All posts

Kubernetes Network Policies: Zero-Trust Networking Guide

GeekOnCloud··6 min read

Most Kubernetes clusters run with a dirty secret: every pod can talk to every other pod. Your payment service can reach your debug containers. Your compromised nginx pod can scan your entire internal network. By default, Kubernetes networking is completely flat and permissive — the opposite of zero-trust.

Network policies fix this. They're the firewall rules of Kubernetes, letting you define exactly which pods can communicate with which other pods, on which ports. Yet most teams skip them entirely because they seem complex. They're not. Let's build a proper zero-trust network for your microservices.

The Default Kubernetes Network Model Is Broken (By Design)

Kubernetes networking follows a simple rule: every pod gets an IP, and every pod can reach every other pod. No NAT, no firewalls, no restrictions. This made sense for simplicity but creates a massive blast radius when something gets compromised.

Here's what your cluster looks like without network policies:

# From any pod, you can reach any other pod
kubectl run debug --image=nicolaka/netshoot --rm -it -- /bin/bash

# Inside the pod - scan your entire cluster
nmap -sT -p 80,443,5432,6379,27017 10.0.0.0/16
# You'll find every exposed service: databases, caches, internal APIs

An attacker who compromises a single pod — through a vulnerable dependency, SSRF, or container escape — can now laterally move to your database, your secrets manager sidecar, or your monitoring stack. Network policies create the segmentation that stops this.

How Network Policies Actually Work

A NetworkPolicy is a Kubernetes resource that selects pods using labels and defines allowed ingress (incoming) and egress (outgoing) traffic. The moment you apply your first policy to a pod, that pod switches from "allow all" to "deny all except what's explicitly allowed."

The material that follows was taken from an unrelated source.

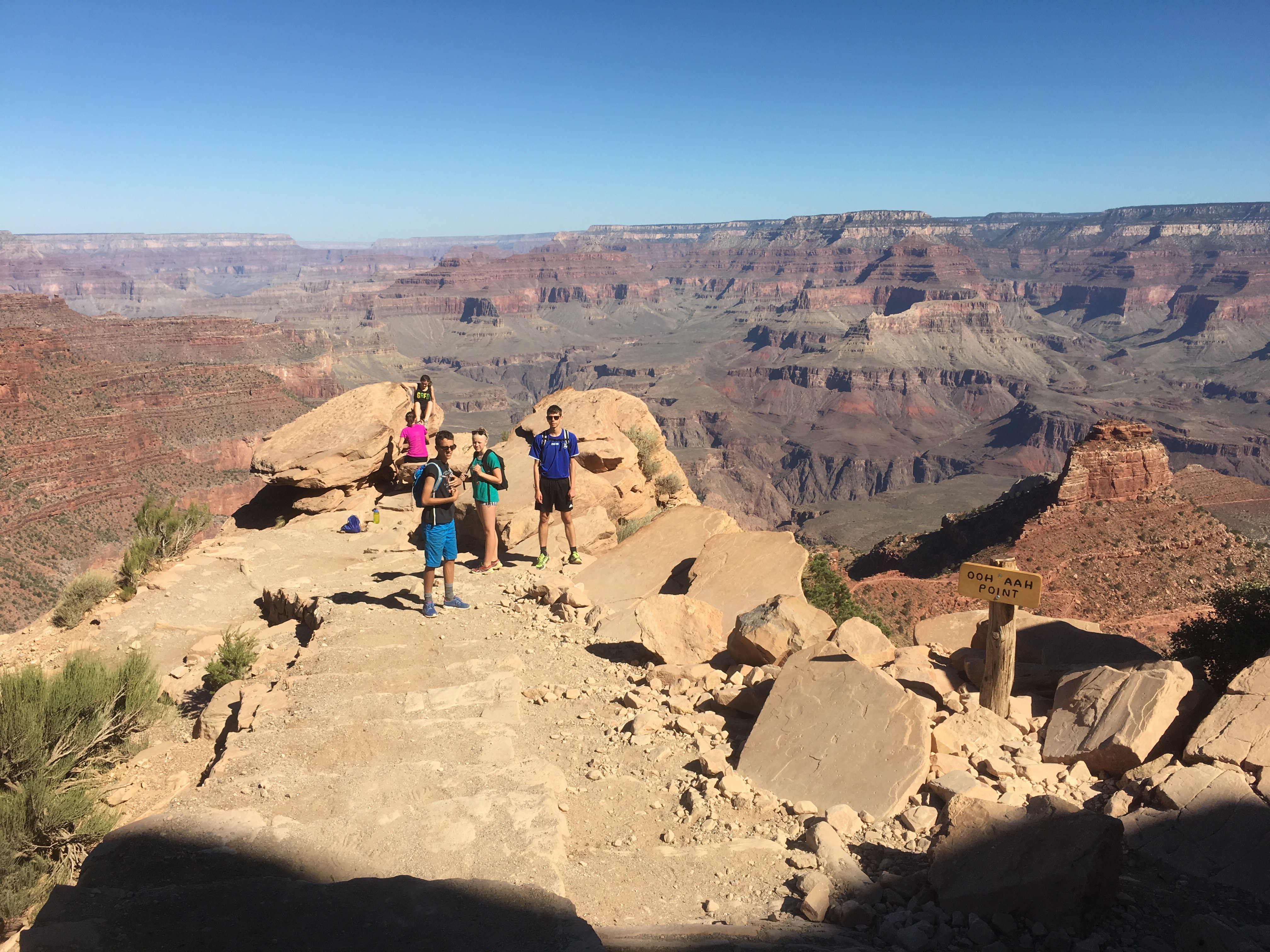 Jakob valgte at blive i camperen, selvom han syntes det var både træls og kedeligt – for at lade hånden få ro. Vi andre tog shuttlebus ud for at gå et stykke af South Kaibab Trail.

Critical concept: policies are additive. If you have three policies selecting the same pod, the pod can do anything any of those policies allow. You can't write a "deny" rule — you can only write "allow" rules, and everything else is implicitly denied.

Here's a complete, production-ready policy for a typical web application:

apiVersion: networking.k8s.io/v1
kind: NetworkPolicy
metadata:
  name: api-server-policy
  namespace: production
spec:
  podSelector:
    matchLabels:
      app: api-server
  policyTypes:
    - Ingress
    - Egress
  ingress:
    # Allow traffic from ingress controller only
    - from:
        - namespaceSelector:
            matchLabels:
              name: ingress-nginx
          podSelector:
            matchLabels:
              app.kubernetes.io/name: ingress-nginx
      ports:
        - protocol: TCP
          port: 8080
    # Allow Prometheus scraping
    - from:
        - namespaceSelector:
            matchLabels:
              name: monitoring
          podSelector:
            matchLabels:
              app: prometheus
      ports:
        - protocol: TCP
          port: 9090
  egress:
    # Allow DNS resolution
    - to:
        - namespaceSelector: {}
          podSelector:
            matchLabels:
              k8s-app: kube-dns
      ports:
        - protocol: UDP
          port: 53
    # Allow database access
    - to:
        - podSelector:
            matchLabels:
              app: postgres
      ports:
        - protocol: TCP
          port: 5432
    # Allow Redis cache
    - to:
        - podSelector:
            matchLabels:
              app: redis
      ports:
        - protocol: TCP
          port: 6379

Notice the DNS egress rule. This trips up everyone on their first network policy deployment. Without explicit DNS access, your pods can't resolve any hostnames — including your database service names. The kube-dns (or coredns) label selector is mandatory for any pod that needs to resolve DNS.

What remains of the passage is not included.